Abstract ( 257 )     PDF (834KB) ( 284 )  
Since 2009, China has signed bilateral currency swap agreements (BCSAs) with more than 40 countries (regions) to promote global trade and international investments. Existing literature mainly focuses on the promotive effects of BCSAs on global trade, but pays little attention to its impact on cross-border investments.
As important investment entities, Chinese firms play a key role in China's “going global” process. Cross-border mergers and acquisitions (M&As) are important means for firms to integrate into the international markets, acquire global resources and cultivate international competitiveness. Despite the fact that the number and amount of cross-border M&A transactions by Chinese firms have grown rapidly, the completion rate is disappointingly low. Whether an announced transaction can be completed is the premise of subsequent integration and realization of M&A value. Termination of a transaction not only makes the value of the M&A vanish, but also causes the firm that initiated the deal to lose money, time, reputation, and other resources. Therefore, exploring feasible ways to improve completion rate of cross-border M&A transactions by Chinese firms is an important issue in the process of China's high-level opening-up. Compared with domestic M&As, cross-border M&As face additional transaction costs related to cross-border capital flows, especially given China's unique capital regulation and foreign exchange administration. From the perspective of transaction costs related to cross-border capital flow, this paper explores the impact of BCSAs on the completion rate of cross-border M&A transactions by Chinese firms. Specifically, we believe that BCSAs can lower costs associated with bilateral relations, foreign exchange supervision, and currency exchange, and therefore improve completion rate of cross-border M&As by Chinese firms.
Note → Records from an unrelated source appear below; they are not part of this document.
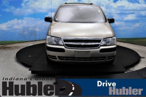 In Good Shape, CARFAX 1-Owner. w/LT 1SD Pkg trim. WAS $4,995, FUEL EFFICIENT 26 MPG Hwy/19 MPG City! 3rd Row Seat, Rear Air, CD Player, Quad Seats, TRANSMISSION, 4-SPEED AUTOMATIC, ELEC..., Alloy Wheels, Serviced here. CLICK NOW!======KEY FEATURES INCLUDE: Third Row Seat, Quad Bucket Seats, Rear Air, CD Player. Power Third Passenger Door, Rear Seat Audio Controls, Aluminum Wheels, Keyless Entry, Privacy Glass. ======OPTION PACKAGES: TRANSMISSION, 4-SPEED AUTOMATIC, ELECTRONICALLY CONTROLLED W/OVERDRIVE. w/LT 1SD Pkg with SANDRIFT METALLIC exterior and NEUTRAL INTERIOR interior features a V6 Cylinder Engine with 185 HP at 5200 RPM*. Serviced here. ======EXPERTS ARE SAYING: 4 Star Driver Front Crash Rating. 5 Star Driver Side Crash Rating. Great Gas Mileage: 26 MPG Hwy. ======AFFORDABILITY: Was $4, 995. ======MORE ABOUT US: After more than 50 years in business, The Hubler Auto Group, through the power of ten central Indiana locations, has literally sold hundreds of thousands of vehicles and is one of the oldest and most prolific auto dealers in the State employing 550 people. The Hubler Auto Group can claim the title for selling more G.M. vehicles in the State of Indiana than any other dealer or dealer group, and has earned the right to brag of having the largest and most loyal customer Pricing analysis performed on 6/5/2014. Horsepower calculations based on trim engine configuration. Fuel economy calculations based on original manufacturer data for trim engine configuration. Please confirm the accuracy of the included equipment by calling us prior to purchase. Did you know that Hubler Auto Center has earned the #2 dealer in Indiana for GM Certified car sales? PLUS...most of our non-GM pre-owned vehicles come with a 2 year / and up to 100,000 miles limited powertrain warranty! We've got you covered with the BEST coverage in Central Indiana - call today for details!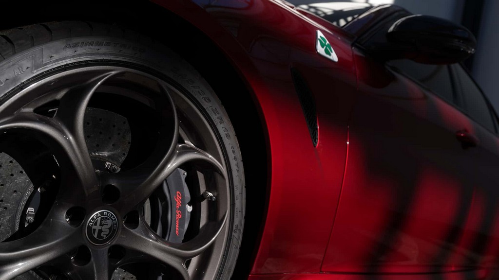 Collezione 展现出与一般版本截然不同的风格。它采用与品牌稀有超跑 Alfa Romeo 33 Stradale 相近的深红车漆,色调浓郁、层次饱满,在阳光下有特殊金属感光泽。车身细节如碳纤维车顶、空气力学组件、轻量化徽章及专属饰条,都让车辆呈现更鲜明的性能视觉。大量使用碳纤元素不仅是为了造型,也为轻量化作出贡献,让车身动态表现更为敏捷。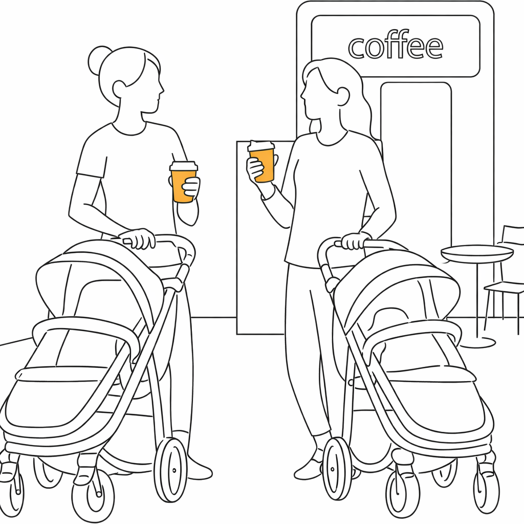 We create space for just that conversation, while keeping in mind the space for the strollers.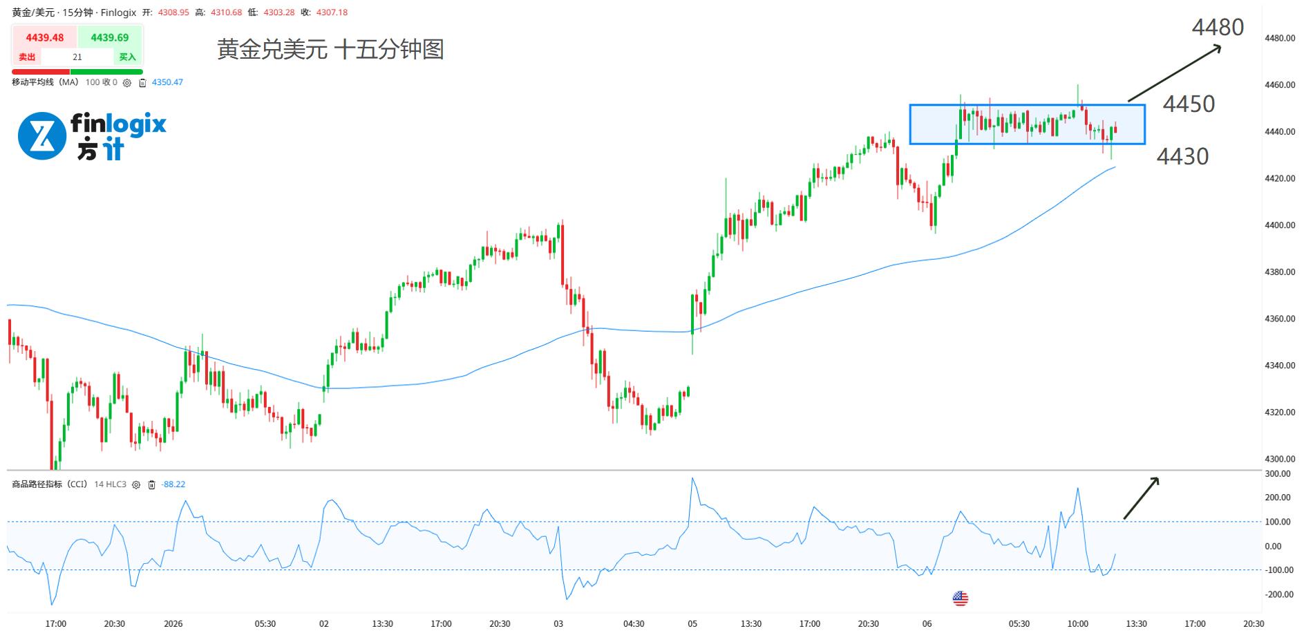 技术面:100均线向上,多头占据主导,交易方向以多单为主。现价在4450下方形成价格静区,突破方向将决定亚盘走向。交易策略以突破跟随为主。入场时机可以配合CCI上穿+100线的多头信号。如果亚盘跌破4430,多单可以等待价格回调至4400关口。

Based on the sample of cross-border M&As initiated by Chinese firms between 2006 and 2020 in SDC database, this paper finds that: (1) BCSAs between China and the countries (regions) where the target companies locate significantly enhance the likelihood of deal completion. (2) The positive effect is more pronounced when China has not established close bilateral cooperation with the country (region) where the target company locates, when outflow of foreign exchange reserve is larger in China, and when the official currency of a target company is not international currency. Further, Chinese firms are more likely to settle transactions in Chinese Yuan (CNY) than other currencies during the swap period. These results support that the primary mechanisms include the reduction of costs associated with bilateral relations, foreign exchange supervision, and currency exchange. (3) BCSAs play a more significant role in transactions initiated by state-owned enterprises, in those involving cash payments, and in those targeting entities in Belt and Road countries (regions), whereas overseas-listed Chinese firms and transactions targeting industries that are sensitive to national security are less affected.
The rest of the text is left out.